RGB ratio = R value− (average of G value and B value) (1)
As a result, Comparative Examples 3 and 4 have a higher RGB ratio than Example 1, so that it was confirmed numerically that the development was poor.

  The liquid sample inspection method of the present invention can detect an object in a specimen with high accuracy without causing poor development by immunoassay. For example, infection with pathogens such as bacteria and viruses, pregnancy It can be suitably used for the presence / absence, blood glucose level measurement and the like.
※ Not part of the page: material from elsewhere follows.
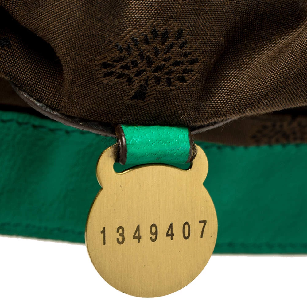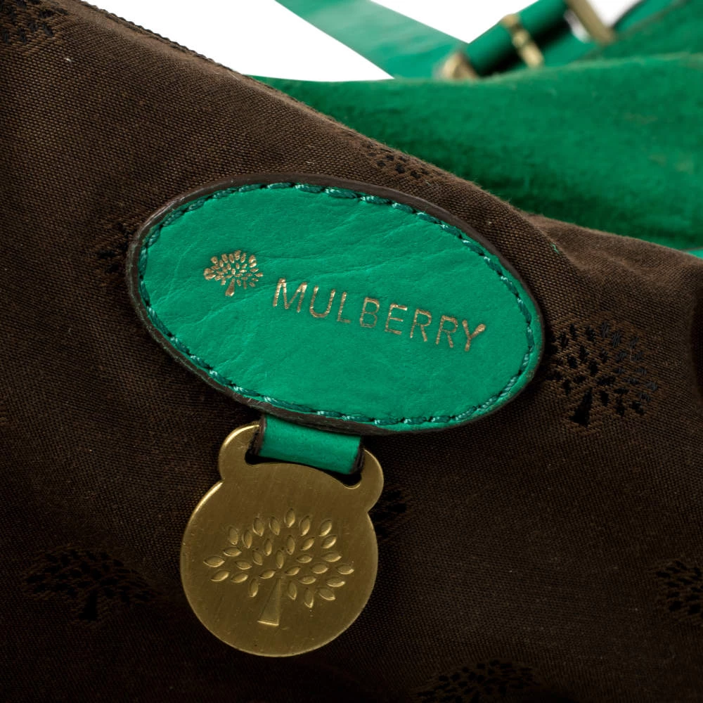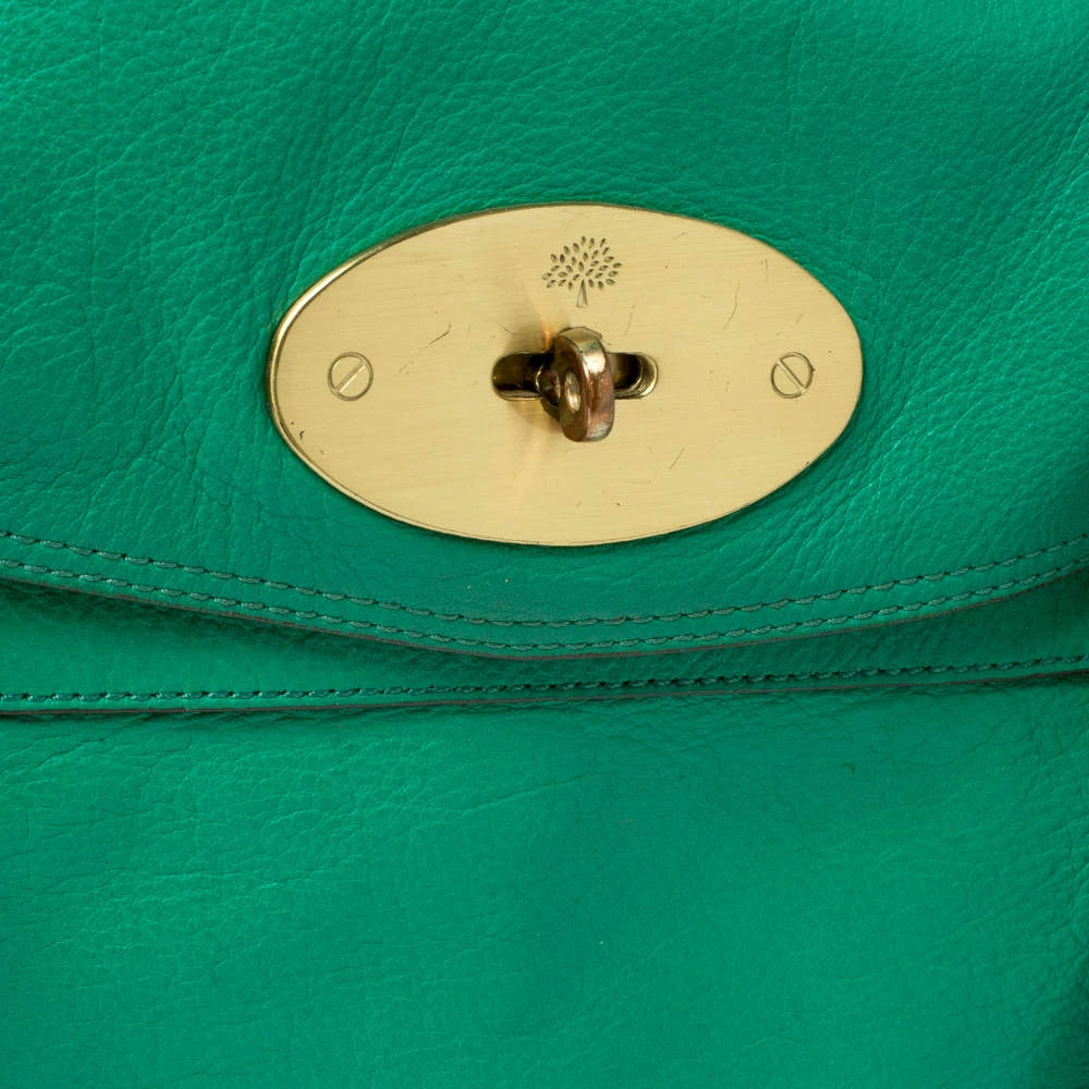 Mulberry brings you this handy bag that will dutifully support you wherever you go. It has been crafted from quality leather in green and equipped with a twist lock on the flap that secures a spacious fabric interior capable of holding all your necessities. It is held by a single handle and a detachable shoulder strap.

DESCRIPTION OF SYMBOLS 1 Liquid sample inspection tool 2 Sample extraction container 3 Filtration filter 3a Glass fiber filter 3b Resin filter (foamable resin filter)
5 Chromatographic medium 9 Specimen extraction nozzle P Detected object Q Capture substance S Liquid sample W Specimen extract

Claims (8)

After the liquid sample with the sample prepared is filtered by a filtration filter, the detected object in the liquid sample is detected or quantified on a liquid sample inspection tool having a chromatographic medium bound with a substance that captures the detected object. In the liquid sample inspection method,
The said filtration filter is a liquid sample inspection method provided with the filter made from glass fiber which has a hole diameter of 2.5 micrometers or more, and the resin filter which consists of a foaming resin material of an organic polymer. The liquid sample inspection method according to claim 1,
A liquid sample inspection method, wherein the porosity of the resin filter is 70% or more. In the liquid sample inspection method according to claim 1 or 2,
The resin filter is a liquid sample inspection method formed using polyvinyl alcohol. In a sample extraction nozzle that filters a liquid sample containing a sample with a filtration filter and drops it on a liquid sample inspection tool,
The filter is a specimen extraction nozzle provided with a glass fiber filter having a pore diameter of 2.5 μm or more and a resin filter made of an organic polymer foamable resin material. In the specimen extraction nozzle according to claim 4,
The specimen extraction nozzle, wherein the porosity of the resin filter is 70% or more. In the specimen extraction nozzle according to claim 4 or 5,
A specimen extraction nozzle using polyvinyl alcohol as the organic polymer.   A sample extraction container comprising: the sample extraction nozzle according to any one of claims 4 to 6; and a container body to which the sample extraction nozzle is attached.   A liquid sample test kit comprising: a liquid sample test tool having a chromatographic medium combined with a substance that captures an object to be detected; and the sample extraction container according to claim 7.